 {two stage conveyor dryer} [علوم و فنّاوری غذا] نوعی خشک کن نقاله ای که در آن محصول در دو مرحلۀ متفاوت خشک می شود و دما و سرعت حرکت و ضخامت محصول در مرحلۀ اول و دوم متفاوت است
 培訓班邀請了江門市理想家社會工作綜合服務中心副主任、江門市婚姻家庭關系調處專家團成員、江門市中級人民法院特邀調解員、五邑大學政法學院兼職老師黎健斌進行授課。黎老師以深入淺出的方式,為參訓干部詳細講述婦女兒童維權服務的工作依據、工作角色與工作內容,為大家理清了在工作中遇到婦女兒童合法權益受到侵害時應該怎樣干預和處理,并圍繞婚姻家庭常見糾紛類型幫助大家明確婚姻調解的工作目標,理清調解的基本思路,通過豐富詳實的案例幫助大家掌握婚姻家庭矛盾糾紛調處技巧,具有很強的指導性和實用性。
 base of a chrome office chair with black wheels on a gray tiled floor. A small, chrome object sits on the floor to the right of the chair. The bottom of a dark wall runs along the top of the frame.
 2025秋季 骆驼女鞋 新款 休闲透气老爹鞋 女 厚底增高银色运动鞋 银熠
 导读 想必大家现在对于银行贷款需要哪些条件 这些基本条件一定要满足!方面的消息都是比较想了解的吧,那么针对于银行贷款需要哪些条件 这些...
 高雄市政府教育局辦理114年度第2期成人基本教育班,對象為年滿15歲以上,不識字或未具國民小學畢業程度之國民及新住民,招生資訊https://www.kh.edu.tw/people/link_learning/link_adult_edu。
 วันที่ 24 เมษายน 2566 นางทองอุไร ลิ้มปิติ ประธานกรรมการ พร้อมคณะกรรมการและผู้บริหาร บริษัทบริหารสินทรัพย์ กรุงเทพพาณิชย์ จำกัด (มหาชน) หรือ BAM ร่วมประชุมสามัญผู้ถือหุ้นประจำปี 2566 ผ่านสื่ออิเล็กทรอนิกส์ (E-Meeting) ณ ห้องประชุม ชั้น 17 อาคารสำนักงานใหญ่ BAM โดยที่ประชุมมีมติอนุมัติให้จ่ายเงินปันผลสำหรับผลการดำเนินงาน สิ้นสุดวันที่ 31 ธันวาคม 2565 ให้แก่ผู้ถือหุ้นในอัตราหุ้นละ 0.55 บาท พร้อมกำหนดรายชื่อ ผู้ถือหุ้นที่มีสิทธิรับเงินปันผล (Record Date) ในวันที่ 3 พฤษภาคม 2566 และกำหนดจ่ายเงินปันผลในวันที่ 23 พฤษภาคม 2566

#####

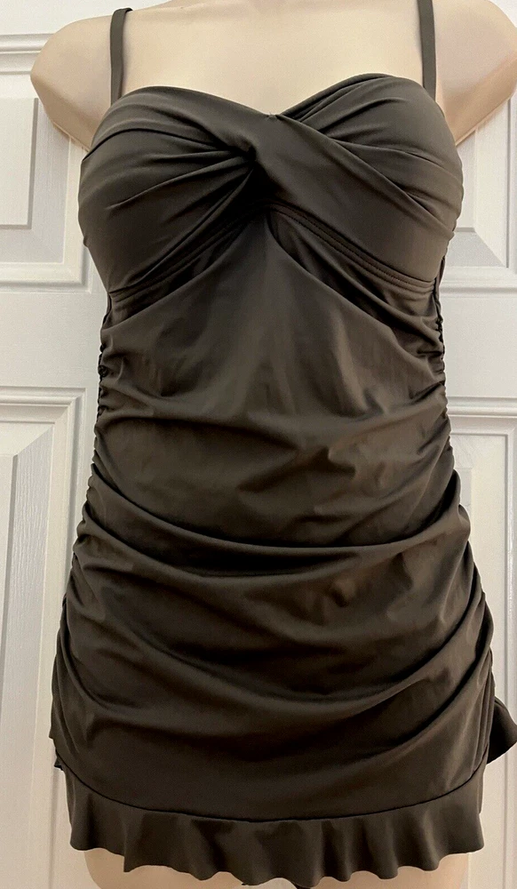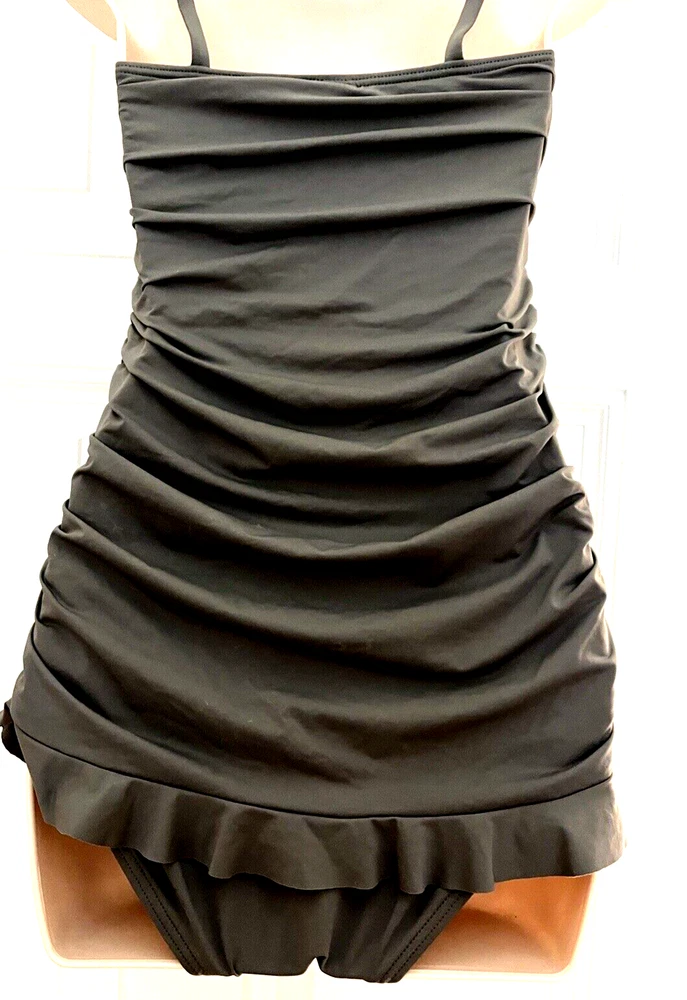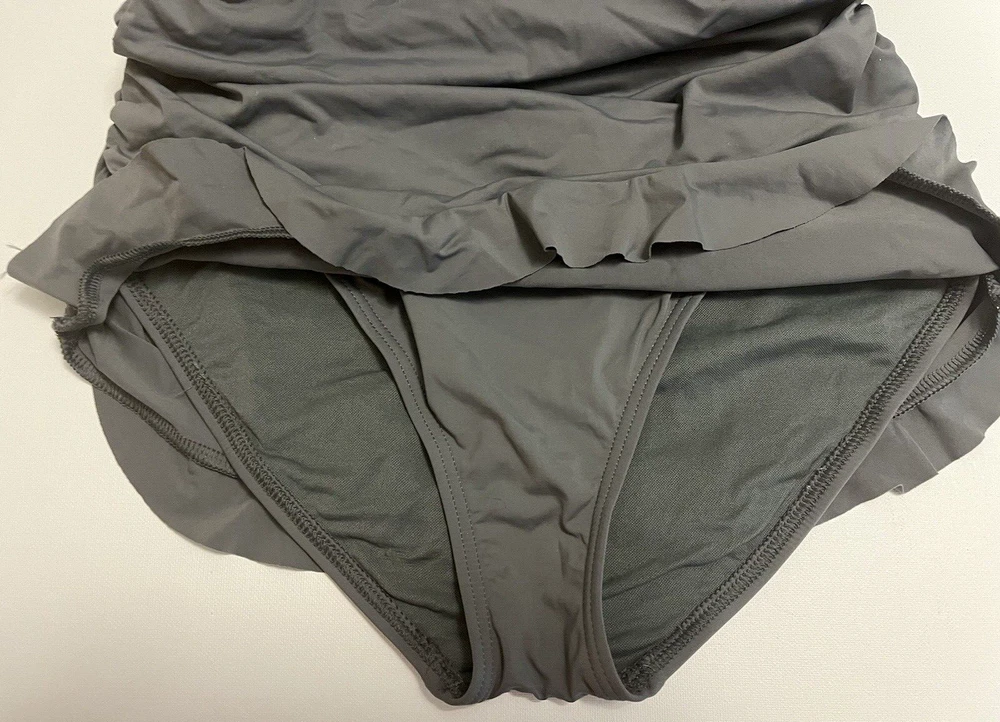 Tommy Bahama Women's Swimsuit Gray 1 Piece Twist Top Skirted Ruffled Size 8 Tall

#####

## How to complete this task
An exact copy of the lines above, from the one containing "高雄市政府教育局辦理114年" down to the one containing "วันที่ 24 เมษายน" and including both, is the whole answer; retype it and nothing else.

## Solution
 高雄市政府教育局辦理114年度第2期成人基本教育班,對象為年滿15歲以上,不識字或未具國民小學畢業程度之國民及新住民,招生資訊https://www.kh.edu.tw/people/link_learning/link_adult_edu。
 วันที่ 24 เมษายน 2566 นางทองอุไร ลิ้มปิติ ประธานกรรมการ พร้อมคณะกรรมการและผู้บริหาร บริษัทบริหารสินทรัพย์ กรุงเทพพาณิชย์ จำกัด (มหาชน) หรือ BAM ร่วมประชุมสามัญผู้ถือหุ้นประจำปี 2566 ผ่านสื่ออิเล็กทรอนิกส์ (E-Meeting) ณ ห้องประชุม ชั้น 17 อาคารสำนักงานใหญ่ BAM โดยที่ประชุมมีมติอนุมัติให้จ่ายเงินปันผลสำหรับผลการดำเนินงาน สิ้นสุดวันที่ 31 ธันวาคม 2565 ให้แก่ผู้ถือหุ้นในอัตราหุ้นละ 0.55 บาท พร้อมกำหนดรายชื่อ ผู้ถือหุ้นที่มีสิทธิรับเงินปันผล (Record Date) ในวันที่ 3 พฤษภาคม 2566 และกำหนดจ่ายเงินปันผลในวันที่ 23 พฤษภาคม 2566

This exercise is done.